The sublists contain MP IDs in chunks of 1000.

In [None]:
chunk_size = 1000
sublists = [mp_ids[i:i+chunk_size] for i in range(0, len(mp_ids), chunk_size)]

# MPRester.supported_properties
properties = ['energy_per_atom', 'formation_energy_per_atom',
              'e_above_hull', 'icsd_ids',
             'material_id', 'structure']

data = []
# Get all materials from MP by mpid
with MPRester() as m:  # use api_key arg or set up with pmg command line tool
    for sublist in sublists:
        data += m.query({"material_id":{"$in": sublist}}, properties=properties)

In [None]:
dumpfn(data, "mp_fblock_%s.json" % (today))

### Access a small sample dataset
We want to be responsible users of the MAPI, so to test out pumml models we can work with small MP datasets that are already downloaded.
You can ownload a small example dataset of 500 structures [here](https://figshare.com/articles/500_example_structures_from_Materials_Project/12252962).

In [None]:
data = loadfn('mp_example_dataset_042420.json')  # json file must be in same directory as this notebook

Materials Project data is a really useful source for training models, but what if we are interested in the synthesizability of a particular theoretical compound? We have pre-trained PUMML models on large subsets of the Materials Project to enable quick predictions.

### Predict synthesizability of theoretical compounds from MP IDs
We can use the `pumml.pupredict.PUPredict` class to generate synthesizability scores directly for compounds from the Materials Project. Information related to the predictions and Materials Project API access is logged to a file called `output.log`. When you create an instance of `PUPredict`, the pre-trained models and data will be downloaded to your local machine.

In [2]:
api_key = '<api_key>'  # fill this in with your key
pup = PUPredict(api_key)

In [3]:
print(pup.synth_score_from_mpid('mp-1213718')) # theoretical Cs2TbO3
print(pup.synth_score_from_mpid('mp-771359'))  # theoretical Cu2O3

[array([0.37218361])]
[array([0.49403711])]


The outputs represent the synthesizability scores of the theoretical compounds.

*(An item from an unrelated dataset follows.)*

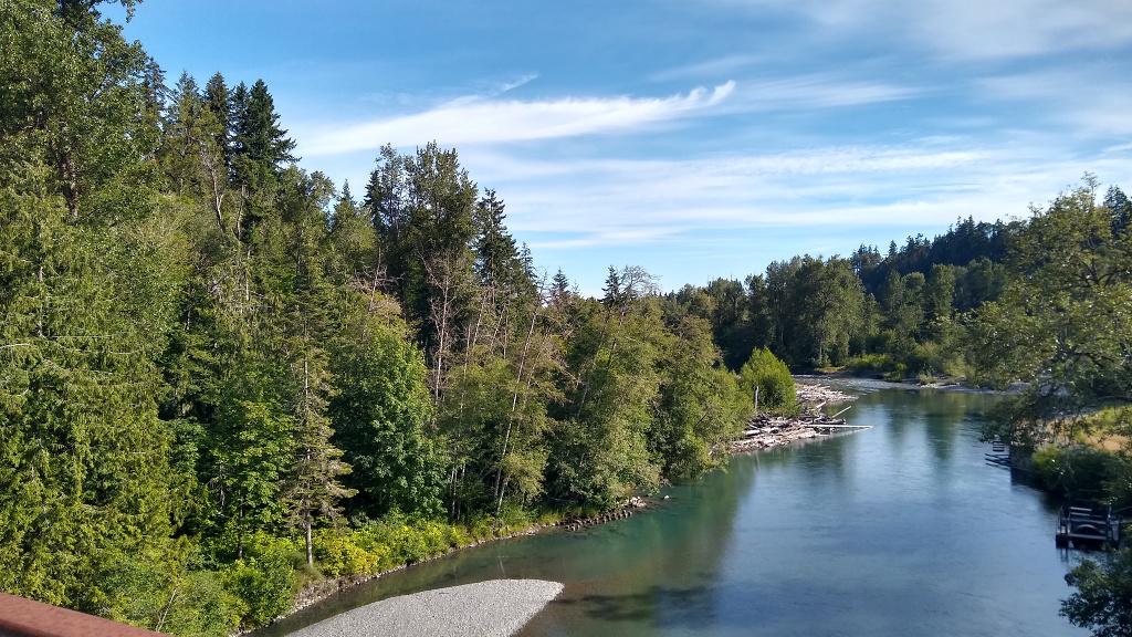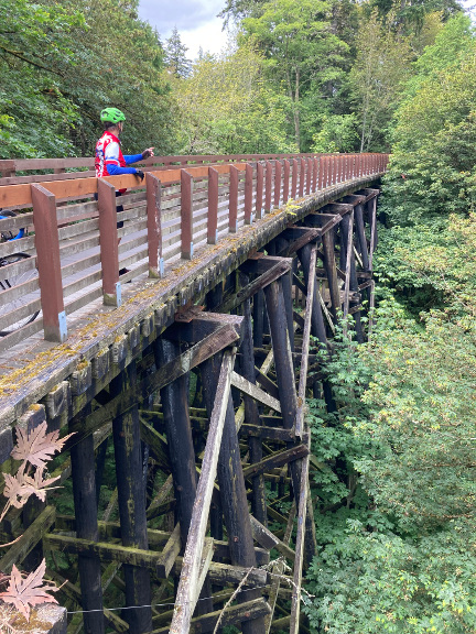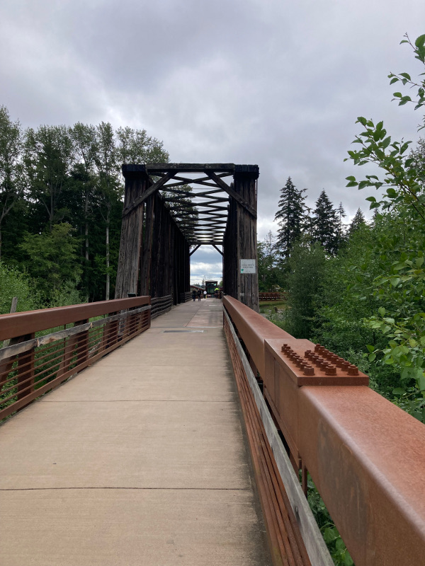 Leaving Sequim and riding west, we soon came to Railroad Bridge Park. This park has preserved one of the nicest railroad trestle bridges. It crosses over the Dungeness River.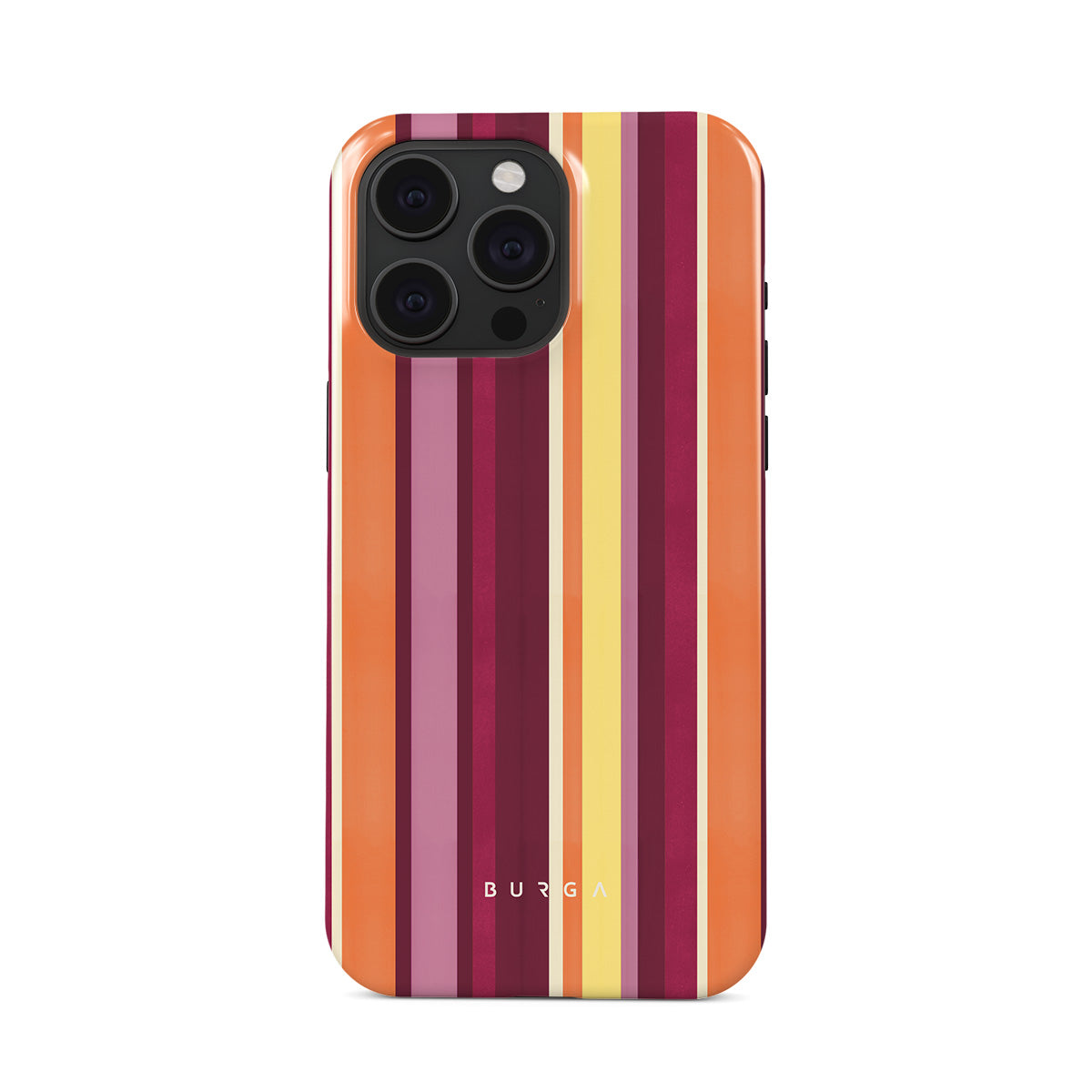 Este design contém: listras laranja e roxas, cores de maracujá, padrão tropical

### Predict synthesizability by chemical formula
We can also predict synthesizability for a crystal composition. If there are multiple crystal structures with the same composition, synthesizability scores for each will be predicted.

In [4]:
pup.synth_score_from_formula('Ba2Yb2Al4Si2N10O4')

[array([0.04694946]), array([0.04952542])]

In [5]:
pup.synth_score_from_formula('Na1Mg1')

'No such compound exists in Materials Project Database'

### Predict synthesizability by crystal structure
Finally, we can predict synthesizability for a crystal structure represented as a `pymatgen.structure` object.

In [6]:
bcc_fe = Structure(Lattice.cubic(2.8), ["Fe", "Fe"], [[0, 0, 0], [0.5, 0.5, 0.5]])

In [7]:
pup.synth_score_from_structure(bcc_fe)

No synthesizability prediction is returned! If we check the log, we see that all MP entries for Fe already exist, so there's no need to predict synthesizability.

In [8]:
!tail output.log -n2

INFO - The given input with material_id "mp-1271295" exists.
INFO - The given input with material_id "mp-136" exists.